(Collected data)
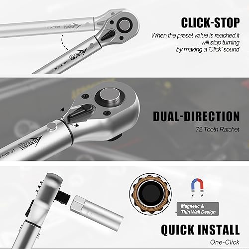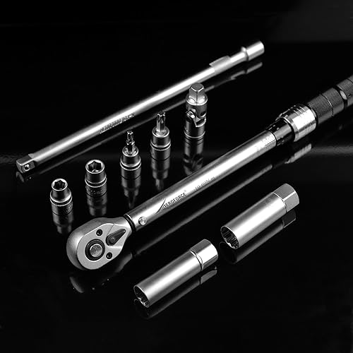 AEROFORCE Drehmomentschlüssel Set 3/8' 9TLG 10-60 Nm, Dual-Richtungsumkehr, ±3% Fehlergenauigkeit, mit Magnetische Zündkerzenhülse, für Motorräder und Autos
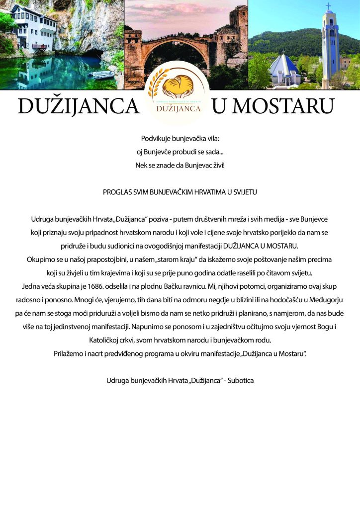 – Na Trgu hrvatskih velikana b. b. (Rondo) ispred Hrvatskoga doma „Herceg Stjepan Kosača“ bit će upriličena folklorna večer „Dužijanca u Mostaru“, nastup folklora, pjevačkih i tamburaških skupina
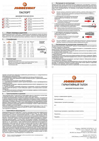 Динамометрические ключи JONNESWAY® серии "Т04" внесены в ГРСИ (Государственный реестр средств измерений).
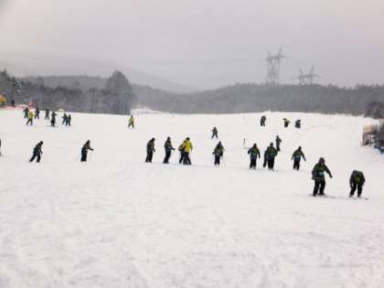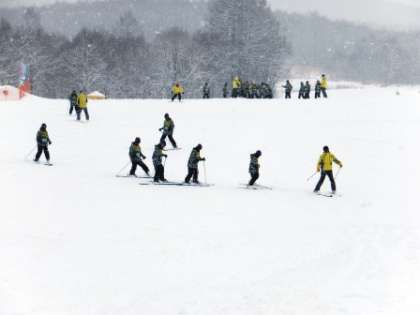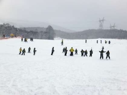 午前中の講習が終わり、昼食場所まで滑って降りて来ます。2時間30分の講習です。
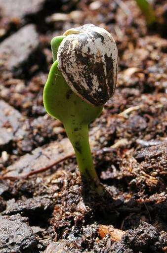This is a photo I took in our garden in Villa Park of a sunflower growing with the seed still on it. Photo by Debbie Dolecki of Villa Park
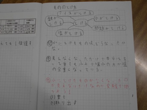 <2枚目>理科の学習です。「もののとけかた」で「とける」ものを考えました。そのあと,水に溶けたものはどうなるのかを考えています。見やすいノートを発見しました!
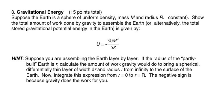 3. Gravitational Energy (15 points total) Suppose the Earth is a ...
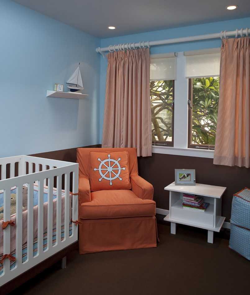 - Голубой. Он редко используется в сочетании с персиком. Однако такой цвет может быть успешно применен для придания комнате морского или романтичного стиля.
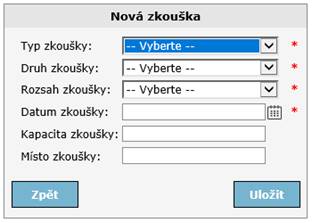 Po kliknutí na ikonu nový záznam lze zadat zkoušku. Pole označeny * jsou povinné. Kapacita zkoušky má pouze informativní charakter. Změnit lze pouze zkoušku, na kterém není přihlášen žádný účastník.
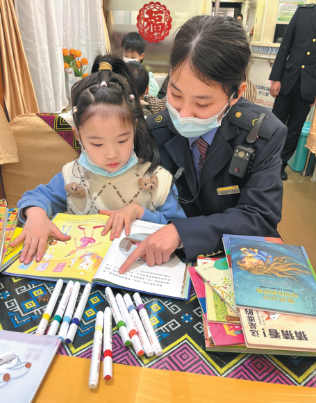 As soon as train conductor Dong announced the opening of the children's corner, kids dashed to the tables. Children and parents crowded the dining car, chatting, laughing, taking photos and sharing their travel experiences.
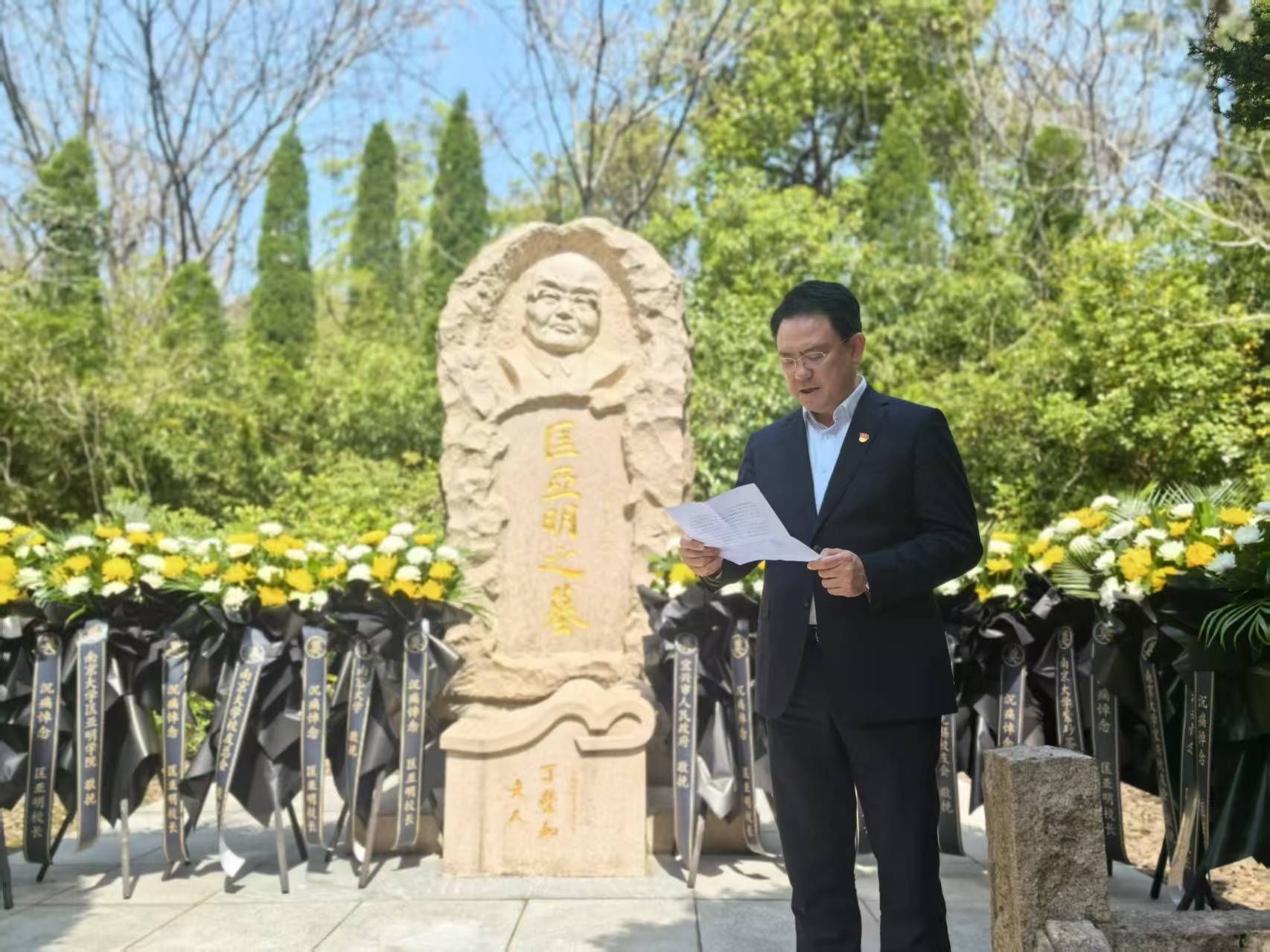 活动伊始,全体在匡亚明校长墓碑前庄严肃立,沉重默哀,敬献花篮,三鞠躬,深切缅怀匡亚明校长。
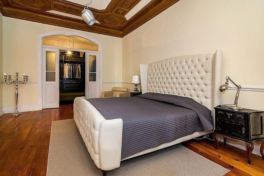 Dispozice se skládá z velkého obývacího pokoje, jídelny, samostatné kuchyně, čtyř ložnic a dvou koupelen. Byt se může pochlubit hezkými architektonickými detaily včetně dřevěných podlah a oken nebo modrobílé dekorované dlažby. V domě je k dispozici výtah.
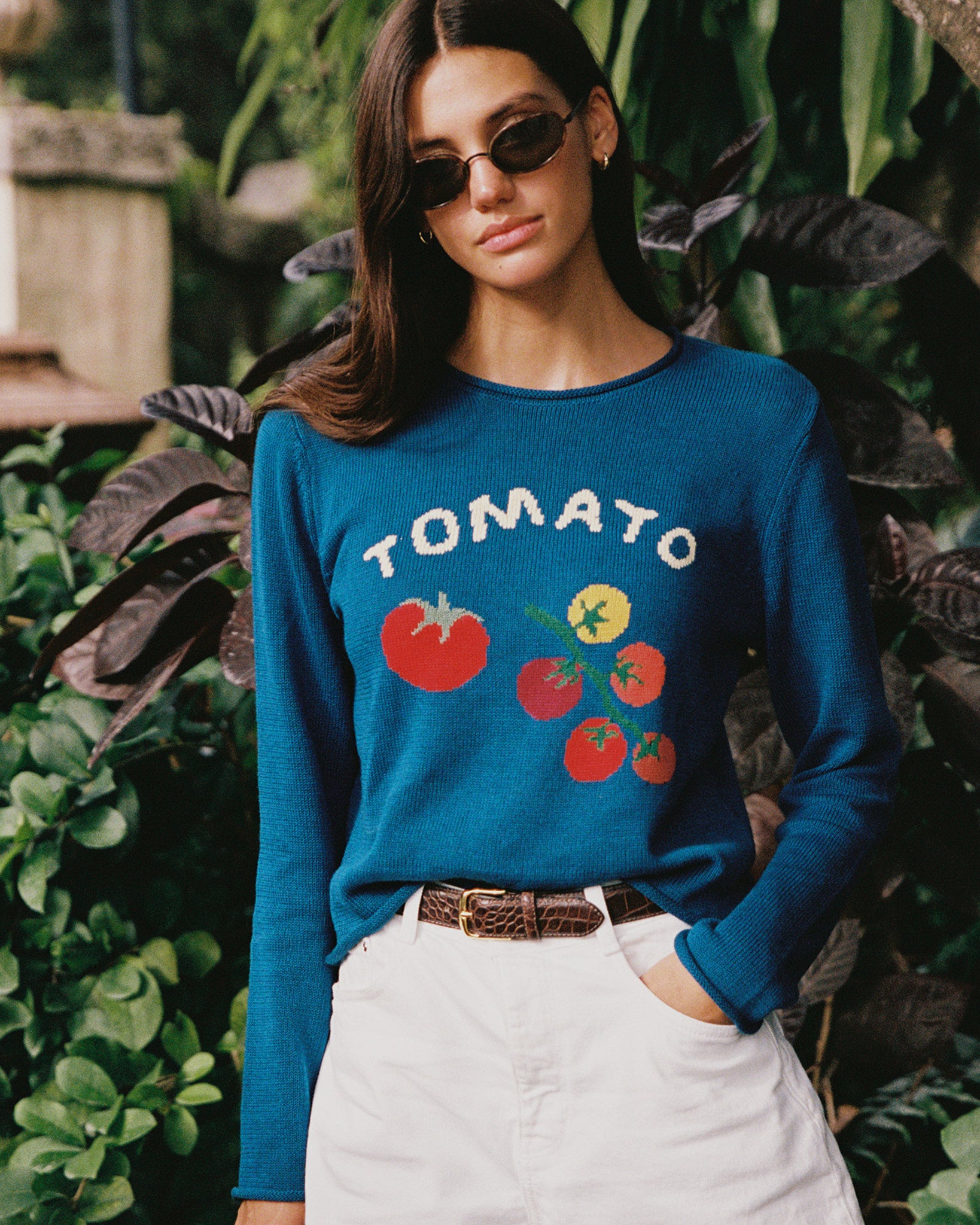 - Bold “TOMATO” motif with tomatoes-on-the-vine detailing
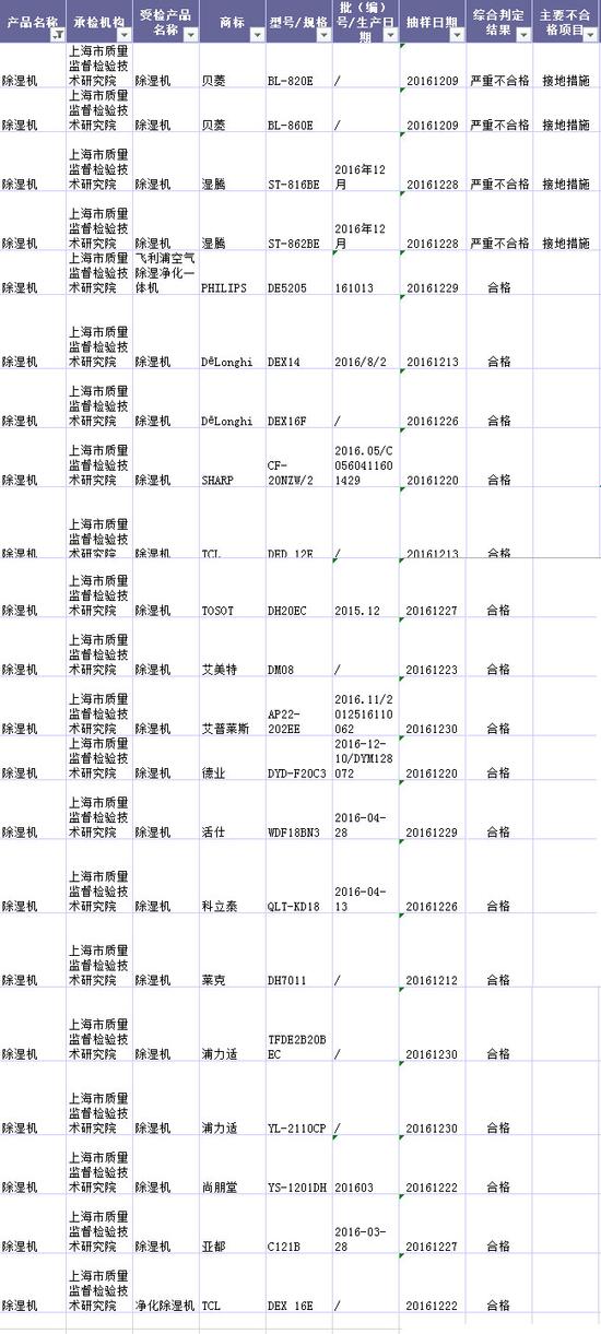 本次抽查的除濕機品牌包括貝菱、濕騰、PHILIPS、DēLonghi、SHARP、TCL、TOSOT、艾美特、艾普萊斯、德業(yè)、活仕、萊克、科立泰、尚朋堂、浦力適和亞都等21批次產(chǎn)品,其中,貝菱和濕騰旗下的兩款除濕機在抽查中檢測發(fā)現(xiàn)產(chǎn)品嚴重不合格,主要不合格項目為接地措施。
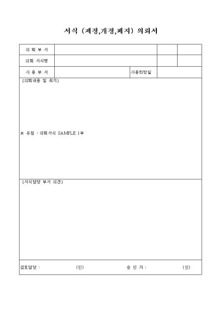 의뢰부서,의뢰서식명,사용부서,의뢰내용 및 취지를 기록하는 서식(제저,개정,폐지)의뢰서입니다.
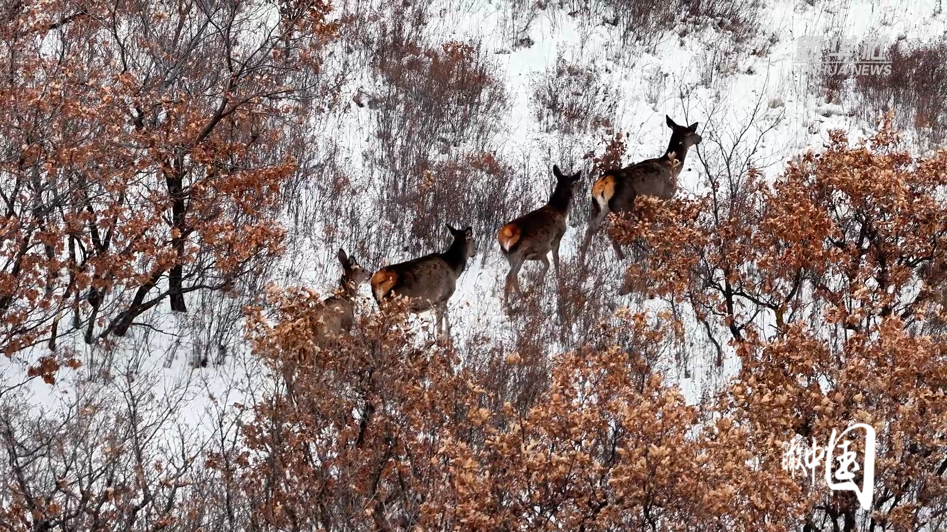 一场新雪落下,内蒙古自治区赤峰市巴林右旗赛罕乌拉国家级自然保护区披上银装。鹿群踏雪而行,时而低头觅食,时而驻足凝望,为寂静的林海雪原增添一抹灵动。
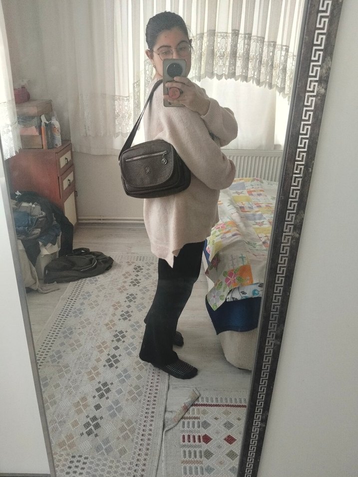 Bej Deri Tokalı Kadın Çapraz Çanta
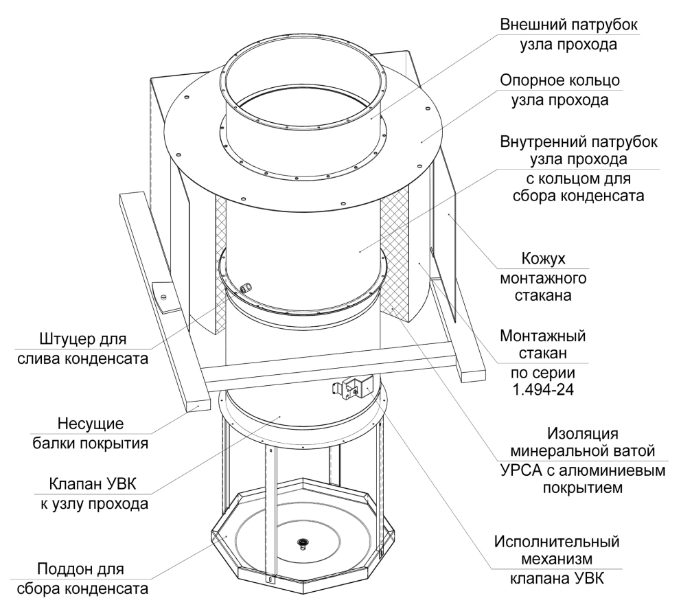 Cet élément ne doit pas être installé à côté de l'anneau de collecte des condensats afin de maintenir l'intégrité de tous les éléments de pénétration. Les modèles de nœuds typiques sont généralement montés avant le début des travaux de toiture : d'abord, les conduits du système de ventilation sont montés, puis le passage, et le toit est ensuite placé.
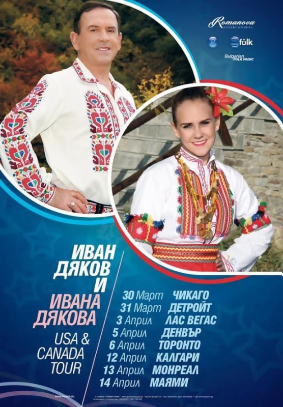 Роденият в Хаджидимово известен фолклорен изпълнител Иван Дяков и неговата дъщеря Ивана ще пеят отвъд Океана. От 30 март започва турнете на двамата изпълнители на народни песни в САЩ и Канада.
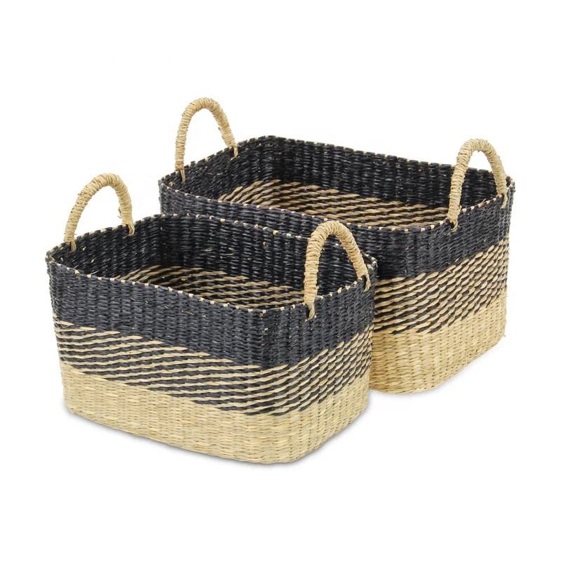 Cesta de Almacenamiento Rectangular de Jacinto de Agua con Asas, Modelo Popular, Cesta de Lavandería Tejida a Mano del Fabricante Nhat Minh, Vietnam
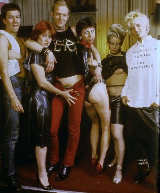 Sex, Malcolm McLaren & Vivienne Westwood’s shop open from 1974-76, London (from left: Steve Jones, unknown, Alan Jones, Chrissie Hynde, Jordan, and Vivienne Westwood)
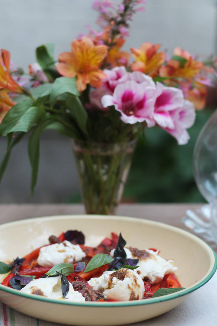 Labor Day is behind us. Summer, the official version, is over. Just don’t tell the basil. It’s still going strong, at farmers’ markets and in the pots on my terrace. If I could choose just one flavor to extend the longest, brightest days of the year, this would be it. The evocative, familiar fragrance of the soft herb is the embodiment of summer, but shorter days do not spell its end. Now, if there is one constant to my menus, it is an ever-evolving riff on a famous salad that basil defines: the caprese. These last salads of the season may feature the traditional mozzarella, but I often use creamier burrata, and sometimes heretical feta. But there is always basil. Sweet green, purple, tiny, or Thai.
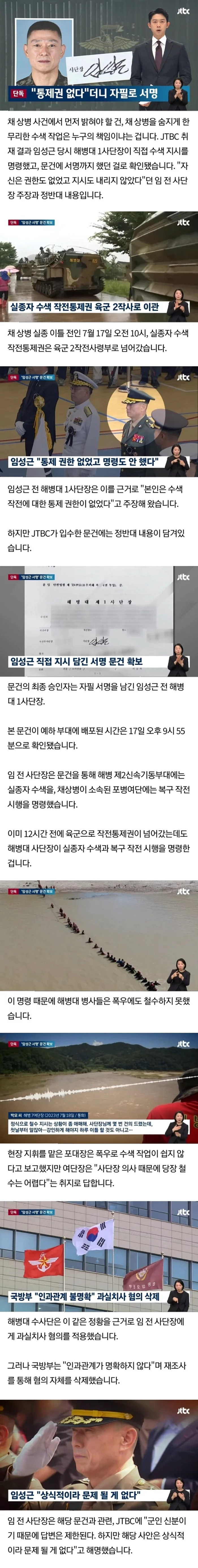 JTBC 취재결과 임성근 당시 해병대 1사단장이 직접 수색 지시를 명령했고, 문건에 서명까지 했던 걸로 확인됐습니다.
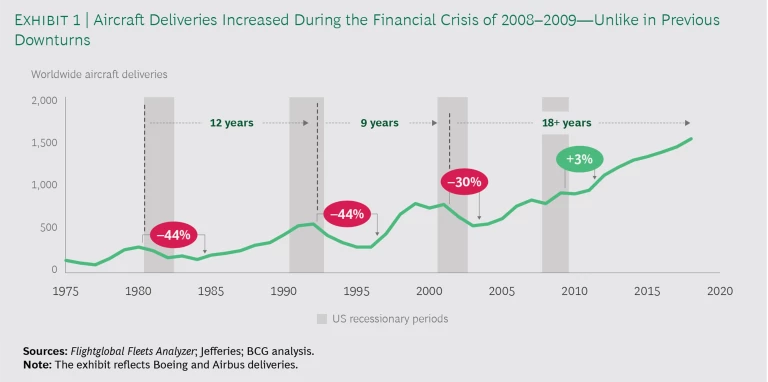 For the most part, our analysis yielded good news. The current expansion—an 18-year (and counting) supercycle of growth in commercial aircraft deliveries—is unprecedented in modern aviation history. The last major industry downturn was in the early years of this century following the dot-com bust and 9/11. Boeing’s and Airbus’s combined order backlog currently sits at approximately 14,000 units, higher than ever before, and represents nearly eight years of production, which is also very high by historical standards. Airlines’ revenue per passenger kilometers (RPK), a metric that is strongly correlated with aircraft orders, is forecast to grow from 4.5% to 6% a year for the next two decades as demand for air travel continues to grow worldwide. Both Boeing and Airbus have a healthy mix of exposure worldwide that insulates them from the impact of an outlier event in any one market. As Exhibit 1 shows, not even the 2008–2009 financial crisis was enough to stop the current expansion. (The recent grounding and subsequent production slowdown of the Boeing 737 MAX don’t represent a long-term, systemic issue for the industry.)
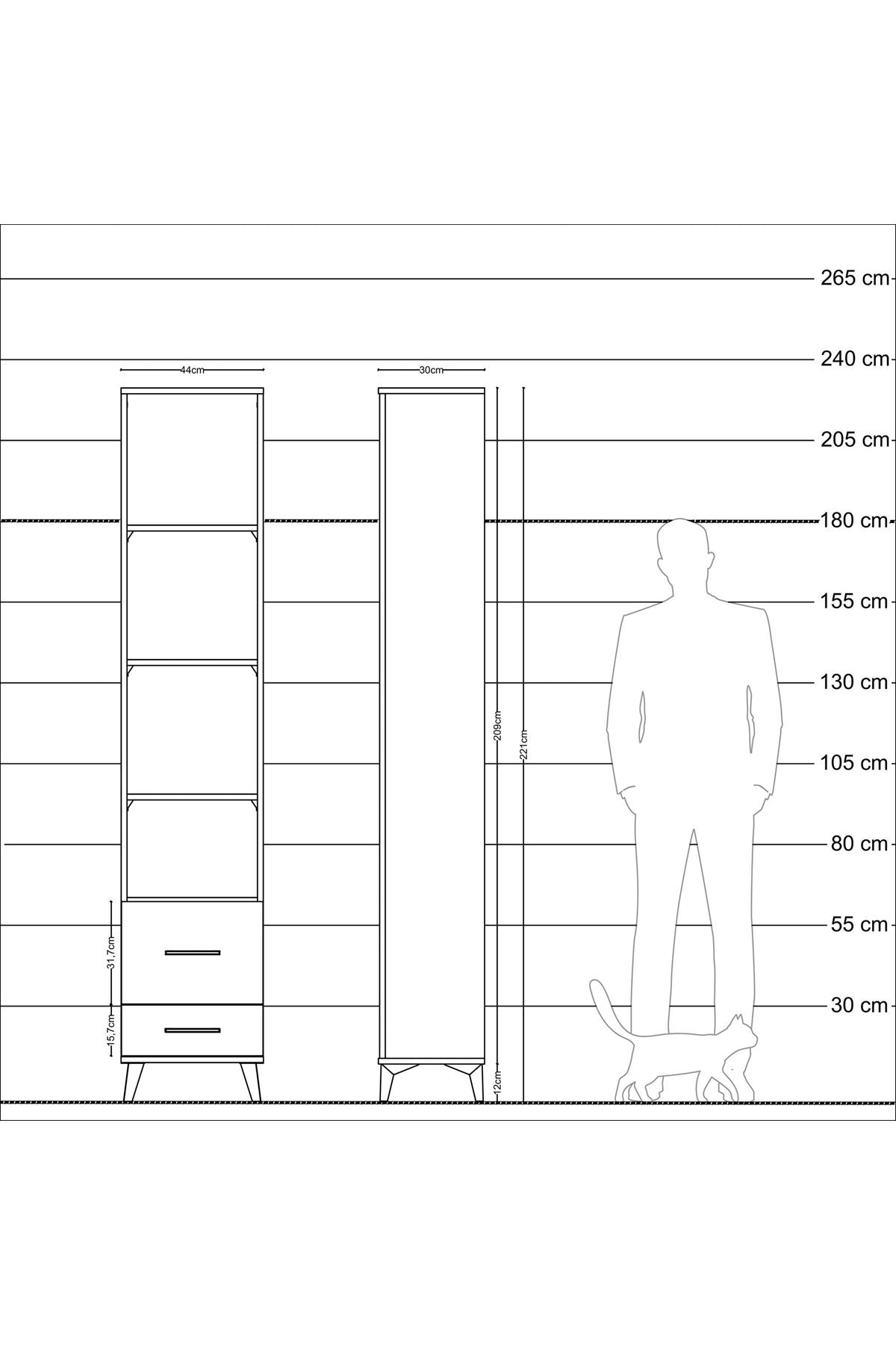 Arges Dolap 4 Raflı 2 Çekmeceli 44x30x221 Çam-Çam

**Task item**
Reproduce exactly the lines of the data above that run from the line with "午前中の講習が終わり、昼食場所まで滑って降りて来ます。2時間30分の講習です。" down to the line with "3. Gravitational Energy", both ends included. Pictures do not belong in the copy.

**Solution below**
 午前中の講習が終わり、昼食場所まで滑って降りて来ます。2時間30分の講習です。
This is a photo I took in our garden in Villa Park of a sunflower growing with the seed still on it. Photo by Debbie Dolecki of Villa Park
 <2枚目>理科の学習です。「もののとけかた」で「とける」ものを考えました。そのあと,水に溶けたものはどうなるのかを考えています。見やすいノートを発見しました!
 3. Gravitational Energy (15 points total) Suppose the Earth is a ...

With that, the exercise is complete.